This method will typically read source dataset artifacts (e.g. a CSV) and yield records like:

def _generate_samples(self, images_dir_path, labels=None):
  ... # read data from CSV and build data
  for image_id, description, label in data:
    yield self.info.features.encode_sample({
        "image_description": description,
        "image": "%s/%s.jpeg" % (images_dir_path, image_id),
        "label": label,
    })

Note that self.info.features.encode_sample uses the feature definitions from DatasetInfo to encode the features passed here into a tf.train.Example. In this case, the ImageFeature will extract the jpeg content into the record automatically.

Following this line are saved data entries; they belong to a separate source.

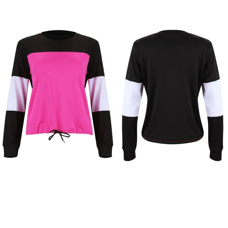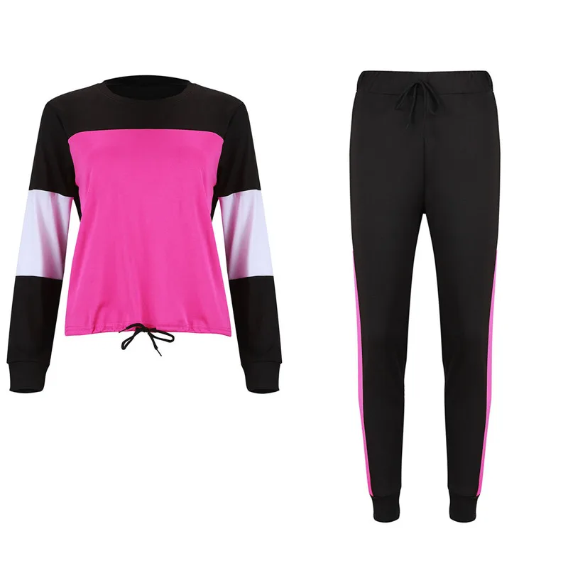 Женская одежда, новинка, женская спортивная футболка с длинными рукавами, топы, длинные штаны, комплект из 2 предметов, Модный женский спортивный костюм, цветной повседневный костюм в стиле пэчворк!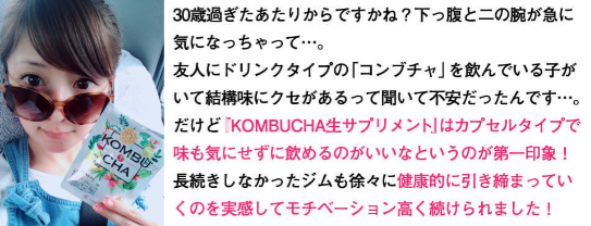 すると…コンブチャ?痩せ菌?代謝が上がる…?気になる記事を発見。ほかにも色んな方がSNS上でコンブチャの話をしていて、実際に「10㎏以上痩せました!」といったような成功事例もたくさん見かけました。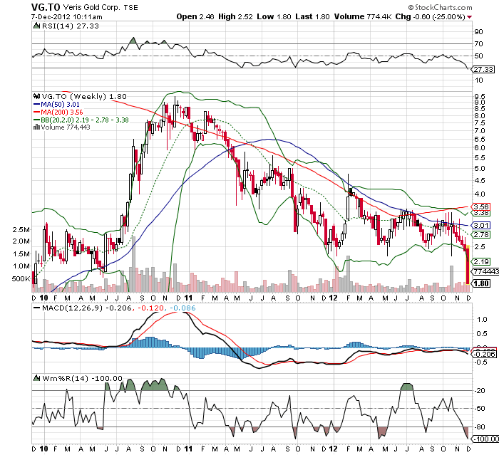 Vancouver, BC – December 7, 2012 – Veris Gold Corp. (TSX: VG) (OTCQB: YNGFF) (Frankfurt Xetra Exchange: NG6A) (the "Company"). The Company is pleased to announce it has filed a final prospectus supplement in connection with its previously announced offering of units ("Units") of the Company (the "Offering"). The terms of the Offering have been amended such that the Offering will now consist of up to 7,200,000 Units at a price of C$2.10 per Unit representing aggregate gross proceeds of up to C$15,120,000. Each Unit will continue to be comprised of one common share of the Company and one-half of one common share purchase warrant. Each whole warrant (a "Warrant") entitles the holder to purchase one common share of the Company for a period of 48 months following closing of the Offering at an exercise price of C$2.35.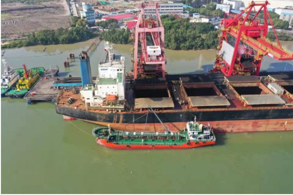 据悉,外轮“MV FLYING LOONG”(飞龙)” 上载有65000吨从印尼进口的煤炭,是广州珠江电力燃料公司为广州珠江电厂的供应的发电用煤。船东HENGDA SHIPPING GROUP LIMITED(恒达船务)表示,“2月28日广州发展碧辟油品有限公司获得首批保税油经营牌照,为煤炭进口船舶的加油模式翻开了新篇章。现在我司在卸货码头直接受油,无须绕道新加坡或到珠江口的外锚地等候加油,对比以往节约了24小时以上,大大减少加油成本,加快了煤炭运输时间,对我们能源运输企业是重大利好,南沙港将是我司加油的首选地。”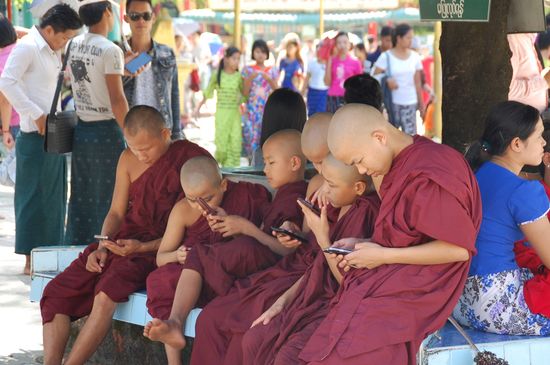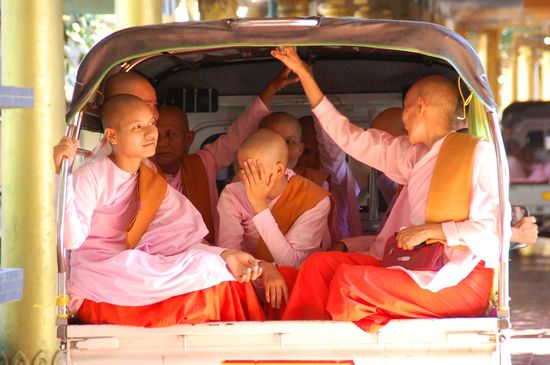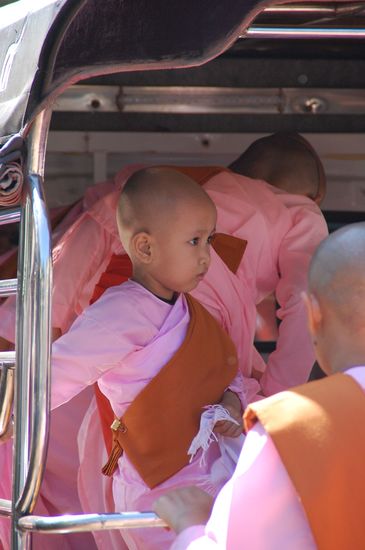 Nach 2 Stunden sind wir in Bago angekommen. Zayar wollte einen Tempel anfahren, aber dort waren so viele Menschen und Auto's, daß wir gar nicht dort hin gekommen sind. Er hat dann wieder gedreht und wir sind erstmal an eine Schule für Mönche gefahren. Hier werden männliche und weibliche Mönche ausgebildet.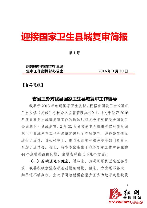迎接國家衛生縣城複審簡報(第1期)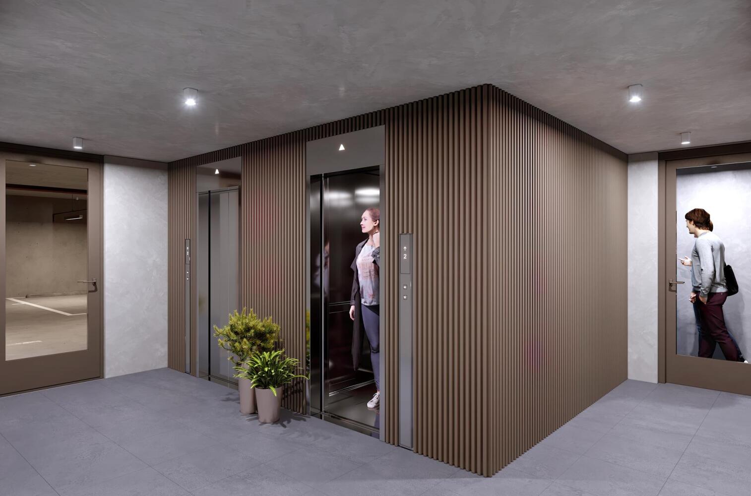 Een parkeerplaats is optioneel en los te koop voor € 35.000,-- per stuk. Vanuit de garage brengen twee trappenhuizen met lift u direct naar uw woonverdieping.

At this point, your builder test should pass.

File access and tf.gfile

In order to support Cloud storage systems, all file access must use tf.gfile or other TensorFlow file APIs (for example, tf.python_io). Python built-ins for file operations (e.g. open, os.rename, gzip, etc.) must be avoided.

Adding Features

The main intuition behind Feature is that what you defines in DatasetInfo should match what is returned by the tf.data.Dataset object. For instance, with:

tfds.DatasetInfo(features=tfds.features.FeatureDict({
    'input': tfds.features.Image(),
    'output': tfds.features.Text(encoder=tfds.text.ByteEncoder()),
    'metadata': {
        'description': tfds.features.Text(),
        'img_id': tf.int32,
    },
}))

The tf.data.Dataset object associated with the defined info will be:

{
    'input': tf.Tensor(shape=(None, None, 3), dtype=tf.uint8),
    'output': tf.Tensor(shape=(None,), dtype=tf.int32),  # Sequence of token ids
    'metadata': {
        'lang': tf.Tensor(shape=(), dtype=tf.string),
        'img_path': tf.Tensor(shape=(), dtype=tf.int32),
    },
}

The tfds.features.FeatureConnector object abstracts the way the feature is internally encoded on disk from how it is presented to the user. To create a new feature, you need to subclass tfds.features.FeatureConnector and overwrite the following methods:

  • get_tensor_info(): Indicates the shape/dtype of the tensor(s) returned by tf.data.Dataset
  • encode_sample(input_data): Defines how to encode the data given in the generator _generate_samples() into a tf.train.Example compatible data
  • decode_sample: Defines how to decode the data from the tensor read from tf.train.Example into user tensor returned by tf.data.Dataset.
  • (optionally) get_serialized_info(): If the info returned by get_tensor_info() is different from how the data are actually written on disk, then you need to overwrite get_serialized_info() to match the specs of the tf.train.Example

If your feature is a container of sub-features, you may want to inherit from tfds.features.FeatureDict instead and call super().encode_sample and super().decode_sample to reuse boilerplate code when dealing with nested features.

Have a look at the features package for examples.

Large datasets and distributed generation

Some datasets are so large as to require multiple machines to download and generate. We intend to soon support this use case using Apache Beam. Stay tuned.